Manufacturers were exploring expensive strategies to speed up seek times, like multiple armatures, independent arms, etc. Then hybrid drives and massive arrays became things and there was no more reason to bother trying to improve seeks on spinning rust. We're all just hoping that it will be cost-effective to stop using it sometime soon.
The gaps are still there. (Score:3, Interesting)
20 years ago main memory was 10-14 ns, instruction cycle time was 2-4ns (Cray)
Guess what? it still is.
Memory has grown, it has gotten cheaper.
What HASN'T changed? Access to memory. That is how Cray got its speed - instead of a single port to memory, it used a crossbar switch - 4 ports for each processor. 1 instruction bus, 2 input data busses, and one output bus; even I/O got its own port to memory; all with overlapping address/data cycles.
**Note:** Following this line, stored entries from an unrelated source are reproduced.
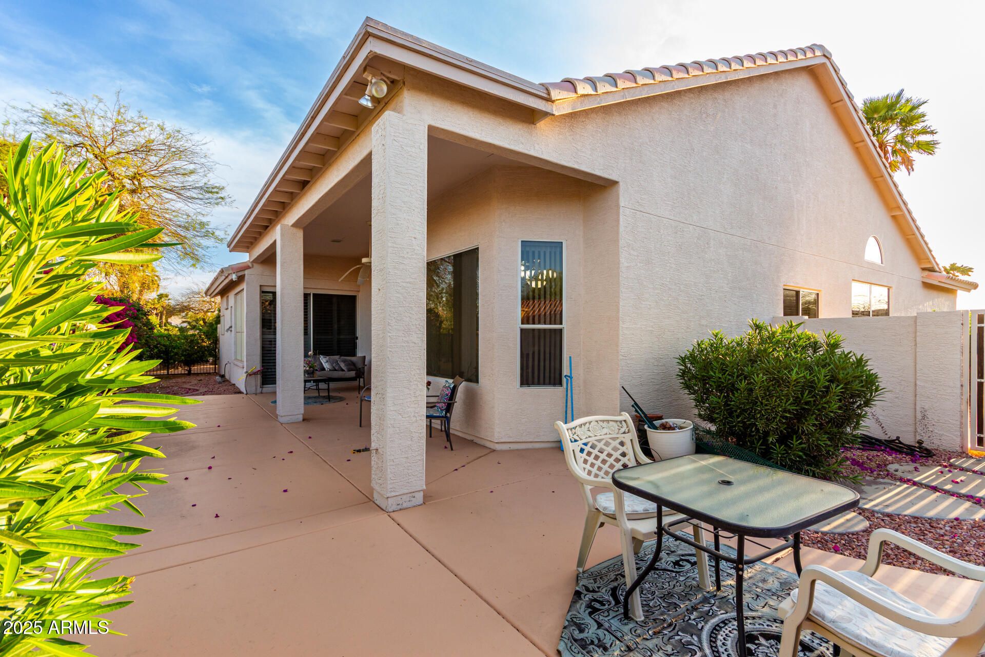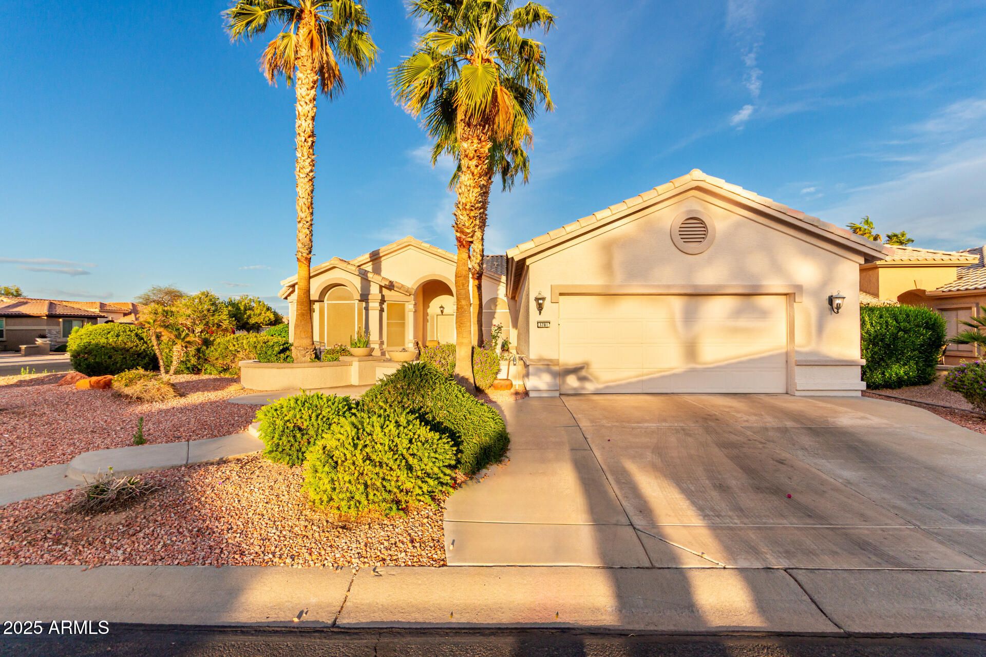 Charming home in Pebblecreek is on the market! Nestled on a desirable corner lot, this beauty showcases a great curb appeal, a manicured landscape, a front patio, & a 2-car garage. The interior boasts spacious living areas, vaulted ceilings, plantation shutters, and delightful arched doorways. The large kitchen displays recessed lighting, tile flooring, plentiful storage, built-in appliances, and a peninsula with a breakfast bar. The family area offers easy outdoor access for convenience. Rest after a long day in the lavish main retreat featuring carpet, a closet, and a bathroom with dual sinks, an enclosed shower, & a soaking tub. Enjoy your morning brew on the back patio for a peaceful time admiring the colorful scenery of the backyard. What's not to love? Don't miss this gem!
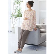 胸二重仕立てで1枚で着ても透けにくくて安心!シボ感があり肌離れのよい綿100%楊柳ダブルガーゼが心地よいパジャマ。入院や部屋着、ギフトにもおすすめです。Sサイズ、ふっくらさん対応サイズplump(プランプ)もあります。
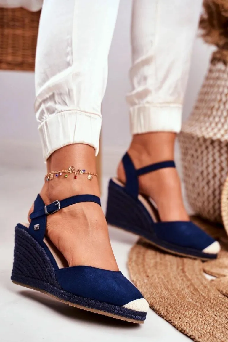 Sandały Damskie Na Plecionej Koturnie Big Star Granatowe DD274A172
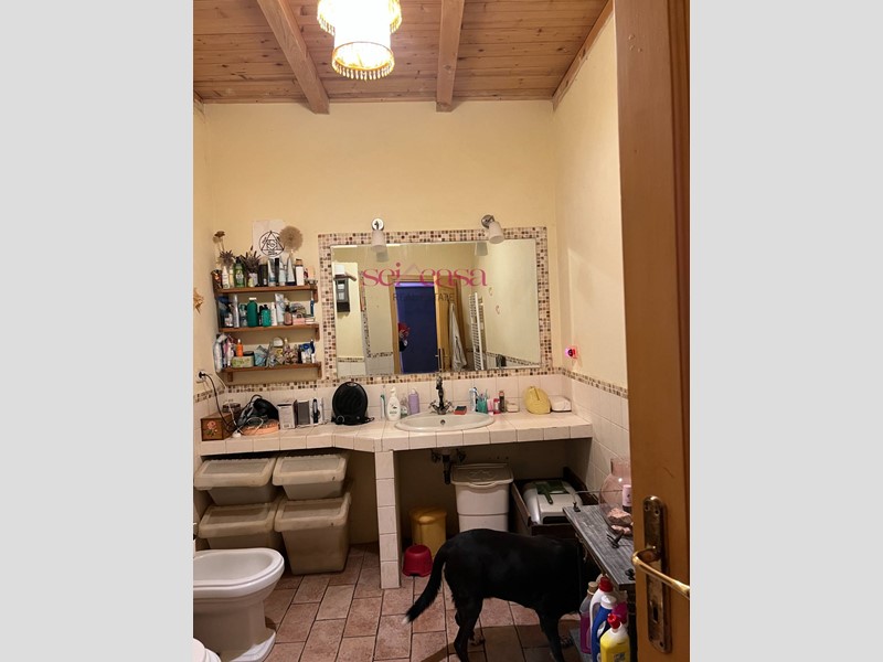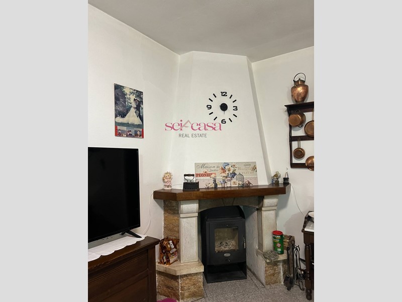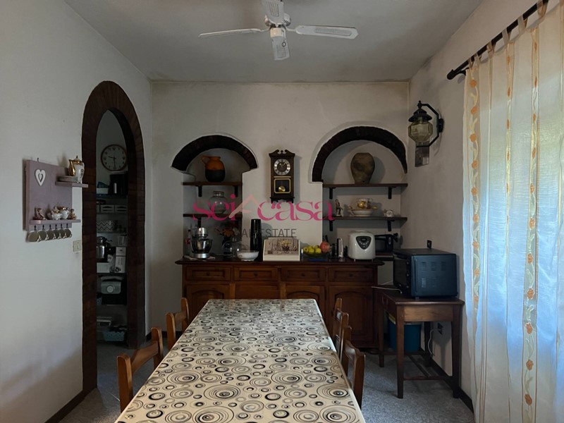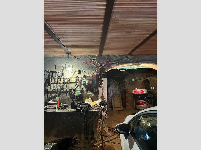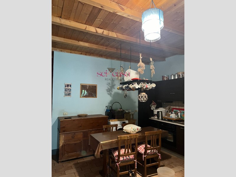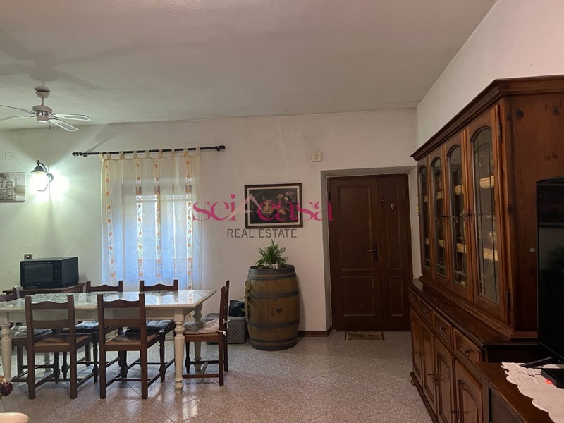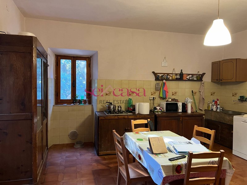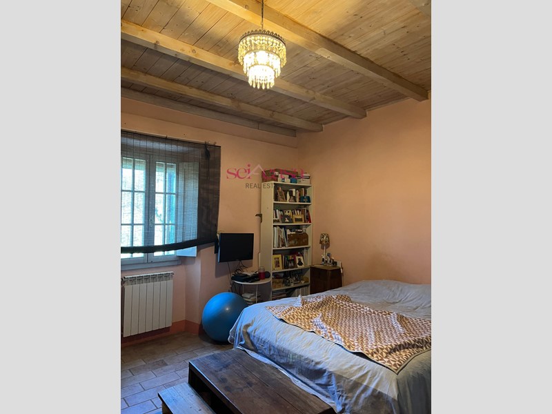 Sottostante ogni appartamento si trovano i garages e le cantine. Inoltre nella proprietà trovano posto una stalla, un fienile ed un capannone che in origine era una chiesa e presenta in alcune pareti piccole parti affrescate ma intonacate. I fabbricati sono circondati da terreno adibito a giardino, a passaggi e piazzali di manovra. La proprietà è da ristrutturare e dispone di ha 33 di terreno seminativo.

The effect was that all of main memory worked at the speed of cache, thus the CPU had no need to waste silicon on cache memory - and the entire system ran full speed.
What slows down the current systems? Memory access. Most systems only have a single port to main memory. Some servers and "high performance" desktops have dual ported memory. Yet even dual ported memory access is slow when you have to share it among 4/8 cores... plus I/O (which isn't dual ported). Interrupt latency on PCs is really horrible. Still only 15 IRQs? and have to share them? No direct vectoring? Forced interrupt chain actions? Even the old PDP 11 with ONE interrupt request line allowed direct interrupt vectoring (64 basic vectors) to reduce overhead.
There hasn't been much innovation in architecture in over 20 years.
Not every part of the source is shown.